● Task details
Within the records below, find the line containing "In a scene as". Reproduce it and each line after it exactly, and nothing else.
Top of Data provided
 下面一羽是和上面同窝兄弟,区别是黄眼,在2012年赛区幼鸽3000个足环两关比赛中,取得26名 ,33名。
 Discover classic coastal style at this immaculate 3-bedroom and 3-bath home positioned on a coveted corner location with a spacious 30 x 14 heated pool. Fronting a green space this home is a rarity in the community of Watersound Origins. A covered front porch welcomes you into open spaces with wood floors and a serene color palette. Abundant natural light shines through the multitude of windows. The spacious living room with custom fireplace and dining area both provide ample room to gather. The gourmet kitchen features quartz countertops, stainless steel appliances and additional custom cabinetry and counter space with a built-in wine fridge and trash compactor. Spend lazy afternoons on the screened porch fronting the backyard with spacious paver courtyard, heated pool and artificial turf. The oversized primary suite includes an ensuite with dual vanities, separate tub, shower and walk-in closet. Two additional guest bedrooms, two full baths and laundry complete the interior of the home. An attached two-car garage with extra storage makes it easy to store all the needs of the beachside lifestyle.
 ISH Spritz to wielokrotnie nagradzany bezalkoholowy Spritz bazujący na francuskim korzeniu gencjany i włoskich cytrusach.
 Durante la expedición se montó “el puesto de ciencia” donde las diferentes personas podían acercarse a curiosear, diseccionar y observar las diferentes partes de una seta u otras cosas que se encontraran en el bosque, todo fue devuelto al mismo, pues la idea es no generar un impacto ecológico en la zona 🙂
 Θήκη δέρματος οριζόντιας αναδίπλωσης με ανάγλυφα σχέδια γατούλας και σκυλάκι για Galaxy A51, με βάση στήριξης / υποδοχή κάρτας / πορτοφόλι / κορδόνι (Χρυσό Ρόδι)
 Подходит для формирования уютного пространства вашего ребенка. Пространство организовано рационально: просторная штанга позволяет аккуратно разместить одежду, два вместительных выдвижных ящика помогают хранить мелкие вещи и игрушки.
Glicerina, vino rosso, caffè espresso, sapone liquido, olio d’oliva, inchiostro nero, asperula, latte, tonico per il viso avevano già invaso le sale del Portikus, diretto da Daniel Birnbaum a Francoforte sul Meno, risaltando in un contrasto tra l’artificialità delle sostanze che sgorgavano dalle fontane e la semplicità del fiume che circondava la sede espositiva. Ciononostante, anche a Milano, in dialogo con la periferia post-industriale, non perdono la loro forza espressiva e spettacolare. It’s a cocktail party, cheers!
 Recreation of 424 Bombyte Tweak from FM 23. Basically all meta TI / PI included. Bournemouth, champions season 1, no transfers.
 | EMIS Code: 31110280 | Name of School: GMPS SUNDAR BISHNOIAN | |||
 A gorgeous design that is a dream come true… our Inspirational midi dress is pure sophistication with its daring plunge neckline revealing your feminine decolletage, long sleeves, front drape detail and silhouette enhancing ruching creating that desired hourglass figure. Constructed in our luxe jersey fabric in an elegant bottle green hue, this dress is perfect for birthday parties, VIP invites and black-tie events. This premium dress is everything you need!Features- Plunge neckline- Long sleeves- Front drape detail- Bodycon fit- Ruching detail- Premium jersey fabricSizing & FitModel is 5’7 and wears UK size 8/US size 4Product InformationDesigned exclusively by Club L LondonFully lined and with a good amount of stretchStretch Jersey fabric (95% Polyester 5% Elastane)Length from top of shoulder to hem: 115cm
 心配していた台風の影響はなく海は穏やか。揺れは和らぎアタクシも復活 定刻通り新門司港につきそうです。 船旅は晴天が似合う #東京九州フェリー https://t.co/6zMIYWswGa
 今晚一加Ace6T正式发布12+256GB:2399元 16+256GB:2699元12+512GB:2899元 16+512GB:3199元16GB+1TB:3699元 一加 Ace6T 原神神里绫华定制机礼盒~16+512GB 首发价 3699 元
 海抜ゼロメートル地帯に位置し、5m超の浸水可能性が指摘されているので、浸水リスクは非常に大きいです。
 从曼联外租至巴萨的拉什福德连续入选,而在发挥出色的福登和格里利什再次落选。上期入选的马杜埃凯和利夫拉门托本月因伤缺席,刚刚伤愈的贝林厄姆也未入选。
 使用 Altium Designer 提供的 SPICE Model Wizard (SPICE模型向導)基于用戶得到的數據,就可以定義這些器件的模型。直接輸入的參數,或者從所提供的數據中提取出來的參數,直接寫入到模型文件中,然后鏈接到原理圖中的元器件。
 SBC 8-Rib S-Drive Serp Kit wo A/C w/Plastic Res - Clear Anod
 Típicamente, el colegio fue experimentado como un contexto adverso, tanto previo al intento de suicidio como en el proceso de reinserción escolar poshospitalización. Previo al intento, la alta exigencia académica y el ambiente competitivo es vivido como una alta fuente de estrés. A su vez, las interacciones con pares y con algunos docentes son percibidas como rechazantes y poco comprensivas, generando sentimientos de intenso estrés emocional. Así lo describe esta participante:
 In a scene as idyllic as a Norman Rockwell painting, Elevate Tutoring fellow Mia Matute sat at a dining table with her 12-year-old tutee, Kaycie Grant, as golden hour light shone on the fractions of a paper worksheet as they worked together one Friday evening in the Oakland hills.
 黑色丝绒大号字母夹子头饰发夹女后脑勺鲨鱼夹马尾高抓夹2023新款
Bottom of Data provided
● Exercise solution
 In a scene as idyllic as a Norman Rockwell painting, Elevate Tutoring fellow Mia Matute sat at a dining table with her 12-year-old tutee, Kaycie Grant, as golden hour light shone on the fractions of a paper worksheet as they worked together one Friday evening in the Oakland hills.
 黑色丝绒大号字母夹子头饰发夹女后脑勺鲨鱼夹马尾高抓夹2023新款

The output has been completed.